I really think this has something to do with OpenSolaris. Just to
narrow the problem down further, could you try this;


    require 'rubygems'
    require 'ferret'

    tokenizer =
Ferret::Analysis::StandardAnalyzer.new().token_stream(:field,
"bon\303\264")
    while token = tokenizer.next
      puts token
    end

I suspect this will cause the same problem. If it does, I'll try
writing a simple C program to test your locale library.

Cheers,
Dave
Manoel L. (Guest)
on 2007-04-15 08:40
David,


I did that and it entered on an infinite loop, see:

?> require 'ferret'
=> false
n\303\264")r =
Ferret::Analysis::StandardAnalyzer.new().token_stream(:field,
=> #<Ferret::Analysis::TokenStream:0x98967d0>
>> while token = tokenizer.next
>> puts token
>> end
token["bon":0:3:1]
token["":4:4:1]
token["":4:4:1]
token["":4:4:1]
token["":4:4:1]
token["":4:4:1]
token["":4:4:1]
token["":4:4:1]
token["":4:4:1]
...
...
...

[]s
David B. (Guest)
on 2007-04-17 08:29
(Received via mailing list)
On 4/15/07, Manoel L. <removed_email_address@domain.invalid> wrote:
> >> while token = tokenizer.next
> token["":4:4:1]
> ...
> ...
> ...

Hi Manoel,

I finally managed to work out a fix for this after working on it for
hours. It appears that OpenSolaris has a bug in it's isdigit
implementation although I can't be sure. isdigit(-76) returns true.
I'm not sure which character encoding this would be true for however.

Anyway, I've made it so that you won't get this infinite loop anymore
but I haven't really fixed your problem. Your main issue seems to be
that you don't have a UTF-8 locale installed on your system. You'll
need to do that before you will be able to analyze UTF-8 data.

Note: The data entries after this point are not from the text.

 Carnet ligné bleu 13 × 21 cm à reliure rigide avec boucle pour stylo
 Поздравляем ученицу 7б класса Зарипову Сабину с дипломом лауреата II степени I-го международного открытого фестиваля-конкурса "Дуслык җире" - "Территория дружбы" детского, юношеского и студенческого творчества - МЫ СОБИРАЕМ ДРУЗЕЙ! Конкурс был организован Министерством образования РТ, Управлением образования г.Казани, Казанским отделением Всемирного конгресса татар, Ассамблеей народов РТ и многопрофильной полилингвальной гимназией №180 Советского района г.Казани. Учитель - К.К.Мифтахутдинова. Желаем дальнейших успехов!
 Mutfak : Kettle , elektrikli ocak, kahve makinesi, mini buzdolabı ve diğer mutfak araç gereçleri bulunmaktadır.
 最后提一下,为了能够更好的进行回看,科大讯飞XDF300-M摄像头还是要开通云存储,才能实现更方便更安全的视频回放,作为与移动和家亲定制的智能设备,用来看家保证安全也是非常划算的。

So, having said all that, I don't think there is any point in me
putting out a quick release now (to give you the fix) as you will need
to set up your locale to handle UTF-8 and that will already fix your
problem.

Hope that helps,
Dave
Fernando (Guest)
on 2007-04-17 22:02
Hello.

I just want to add I'm having exactly this same problem on my desktop
running a brazillian edition of Windows XP Pro SP2, with the latest
mswin32 Ferret gem. I could not log anything since I have only 1.5GB of
installed memory, and the system freezes if I don't kill the ruby.exe
task. But testing that bit in the console, I got the same infinite loop.

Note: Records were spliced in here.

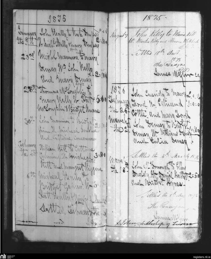 Moylough; County of Galway; Archdiocese of Tuam. Marriages, Jan. 1875 to Mar. 1876
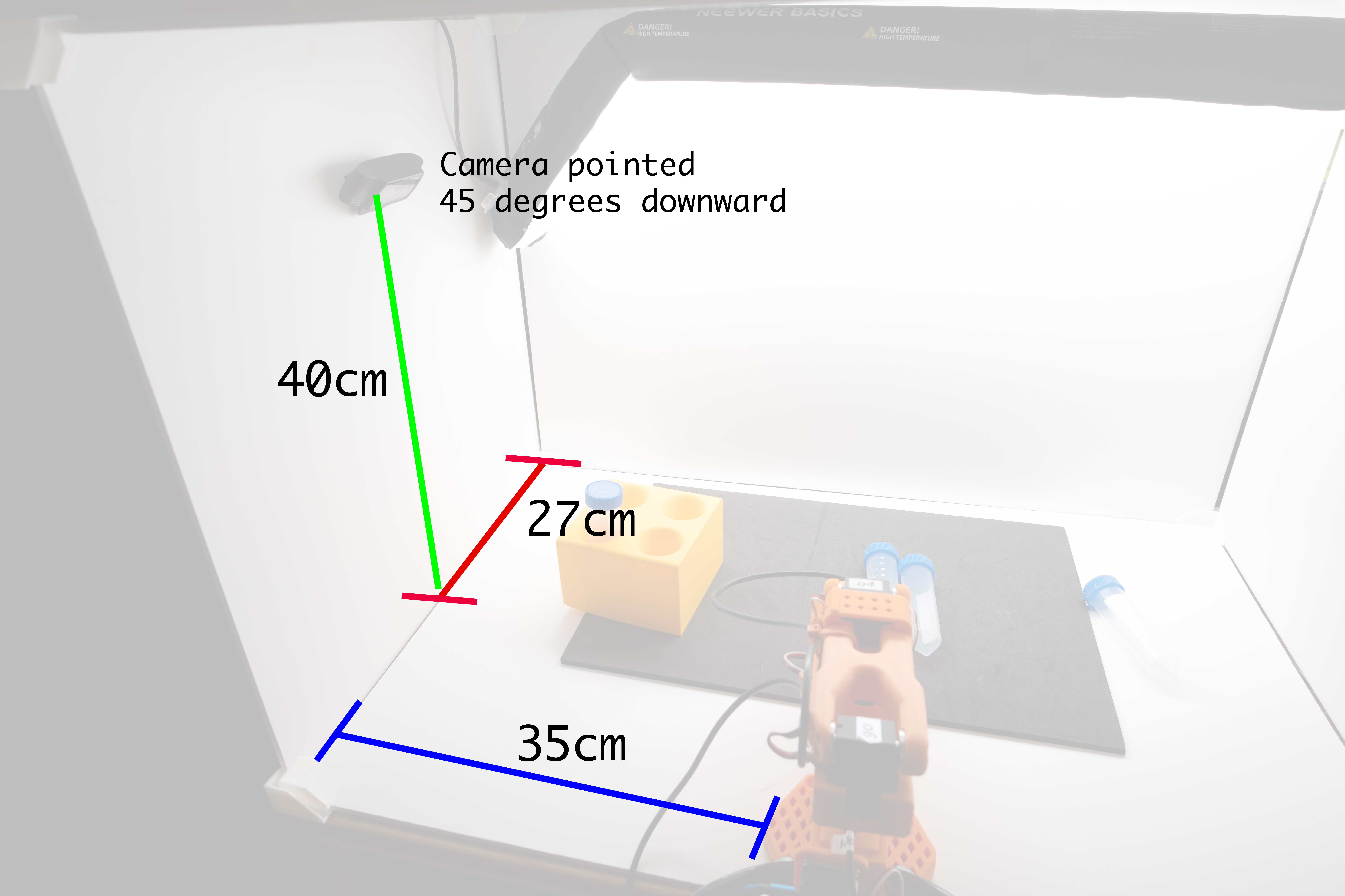 Our simulation environment and checkpoint models are overfit to the rack generally being on the left side and vials on the right. Use the reference photo above for positioning.
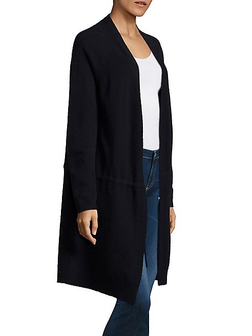 Tie waist cinches long-line cashmere cardigan
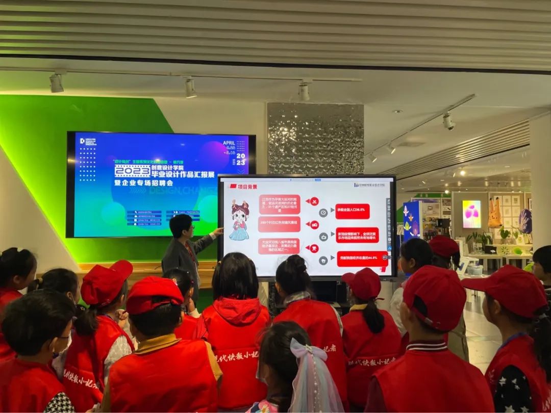 为帮助小记者深入了解家乡运河文化,领略非遗无穷魅力,五一期间,现代快报小记者工作室邀请常大附小、怀德苑小学、湖塘桥第二实验小学部分小记者,走进常州机电职业技术学院创意设计学院,在宗怡老师(创意设计学院党总支副书记)和祁峥老师(大运河项目主创老师)的带领下,参观大学生毕业设计作品展,开启研学之旅。
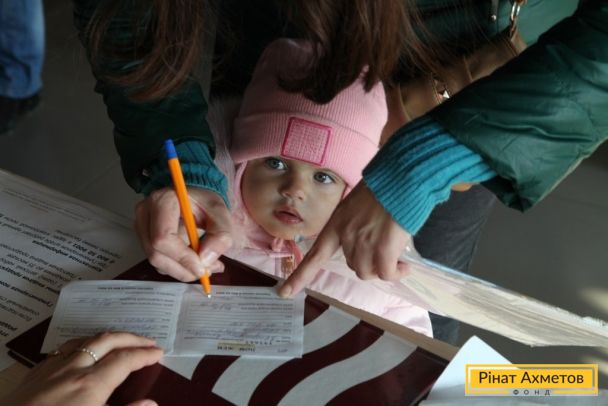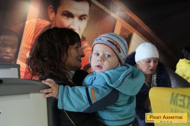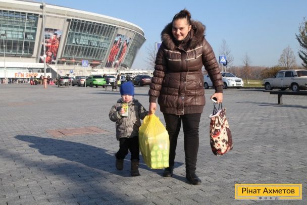 ФОТО. Выдача помощи от Гуманитарного штаба Ахметова семьям с детьми до 2 лет на «Донбасс Арене», 4.11.2014
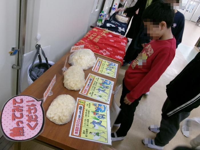 活動の中では、本物そっくりの「脂肪1キロ模型」を一人ずつ持たせてもらう場面も。「重い!」「これが体に付くんだ……」と、その重みにびっくり。健康についての実感がぐんと深まったようです。

This also always occurs when I search for a variety of accented words.

On my Linux box it runs no problem.
Tina (Guest)
on 2007-05-01 02:03
Same here.
I'm running Windows XP SP2, also with mswin32 Ferret gem. Problem occurs
when I try to search for a word with a special character, i.e. 'ä'
specifically.
This topic is locked and can not be replied to.